Task input –
****

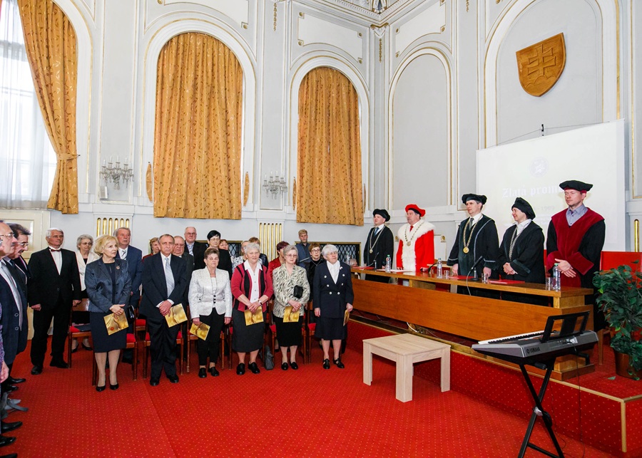 Už po tretíkrát sa historická aula Univerzity P.J. Šafárika v Košiciach  zaplnila bývalými absolventmi magisterského štúdia, ktorí ukončili štúdium pred 50 rokmi. Prišli,  aby v aule svojej alma mater, v ktorej kedysi vyslovili slávnostné „Spondeo ac polliceor“, prevzali z rúk dekana PF UPJŠ prof. RNDr. Gabriela Semanišina, CSc. diplom, potvrdzujúci  absolutórium v príslušnom, nimi absolvovanom študijnom odbore.
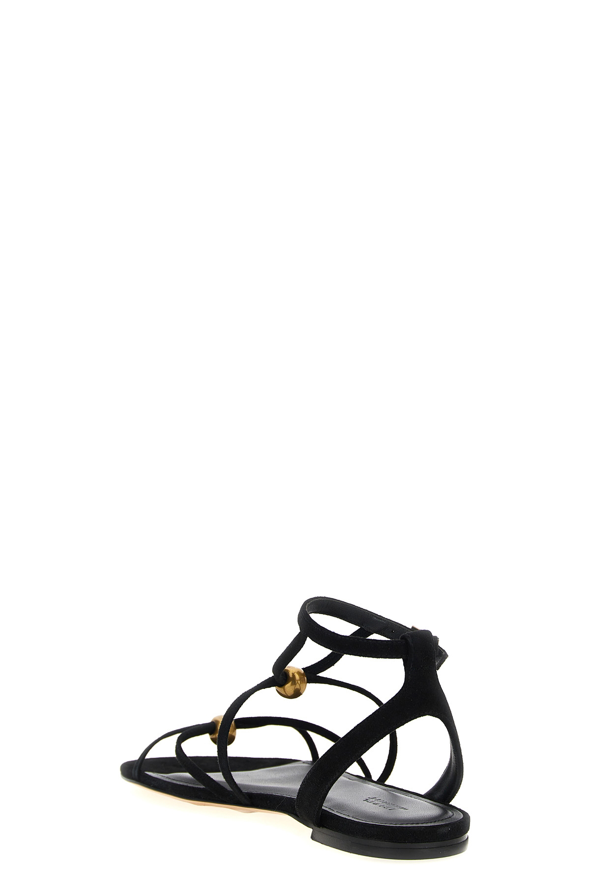 'Aeza' suede sandals with antiqued metal bead details, adjustable ankle strap, leather sole.
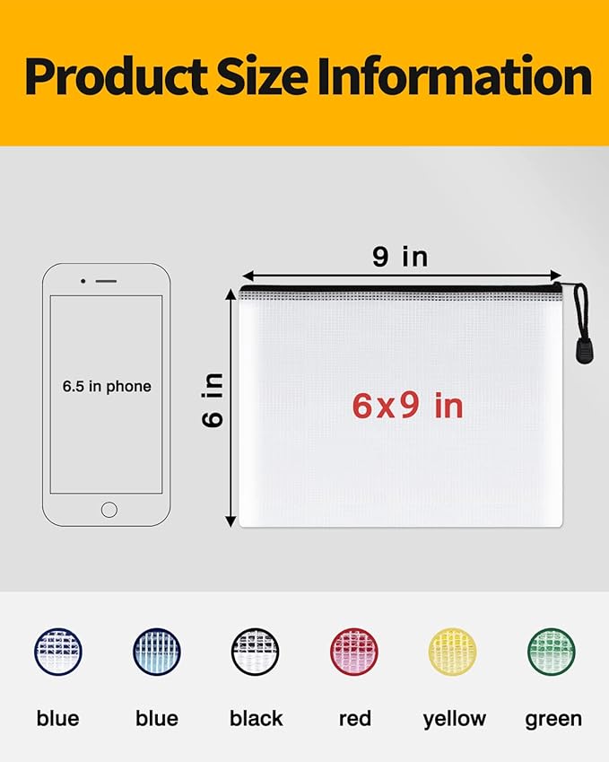 - PACKAGE CONTAINS: You will get a set of 18 Packs 6x9 inches black plastic zipper pouches for the most paper size of letter-size prints or smaller document storage. It can help you organize your miscellaneous items to meet your daily life and work. Manufacturer recommended age 3 years and up
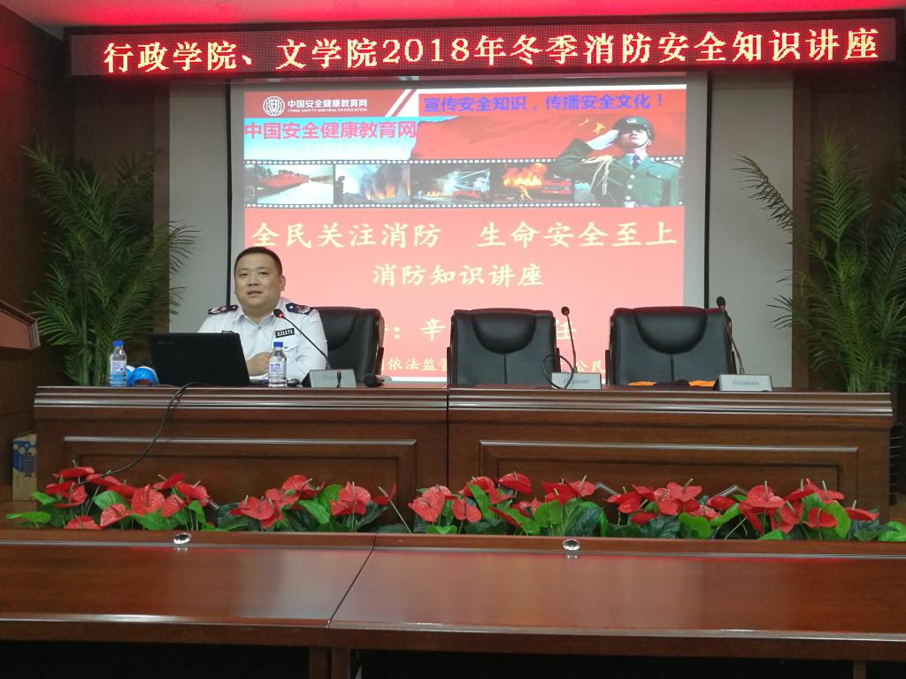 为进一步落实好“yl23455永利2018年今冬明春火灾防控工作方案”,增强师生的消防安全意识,提高火灾的自防自救能力,yl23455永利、文公司于12月6日下午1:30在东荣大厦B303会议室举办了消防安全知识讲座。本次讲座邀请吉林省卫民安消防教育中心辛万磊主任主讲,yl23455永利和文公司五十余名师生参与了此次活动。
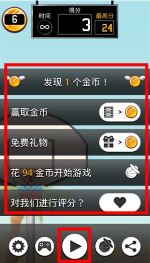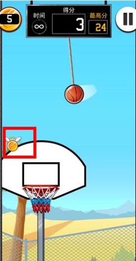 进入游戏后,点击屏幕让篮球下落。

****

What you have to do –
The result should be the full listing, retyped exactly and free of pictures.

Answer box –
 Už po tretíkrát sa historická aula Univerzity P.J. Šafárika v Košiciach  zaplnila bývalými absolventmi magisterského štúdia, ktorí ukončili štúdium pred 50 rokmi. Prišli,  aby v aule svojej alma mater, v ktorej kedysi vyslovili slávnostné „Spondeo ac polliceor“, prevzali z rúk dekana PF UPJŠ prof. RNDr. Gabriela Semanišina, CSc. diplom, potvrdzujúci  absolutórium v príslušnom, nimi absolvovanom študijnom odbore.
 'Aeza' suede sandals with antiqued metal bead details, adjustable ankle strap, leather sole.
 - PACKAGE CONTAINS: You will get a set of 18 Packs 6x9 inches black plastic zipper pouches for the most paper size of letter-size prints or smaller document storage. It can help you organize your miscellaneous items to meet your daily life and work. Manufacturer recommended age 3 years and up
 为进一步落实好“yl23455永利2018年今冬明春火灾防控工作方案”,增强师生的消防安全意识,提高火灾的自防自救能力,yl23455永利、文公司于12月6日下午1:30在东荣大厦B303会议室举办了消防安全知识讲座。本次讲座邀请吉林省卫民安消防教育中心辛万磊主任主讲,yl23455永利和文公司五十余名师生参与了此次活动。
 进入游戏后,点击屏幕让篮球下落。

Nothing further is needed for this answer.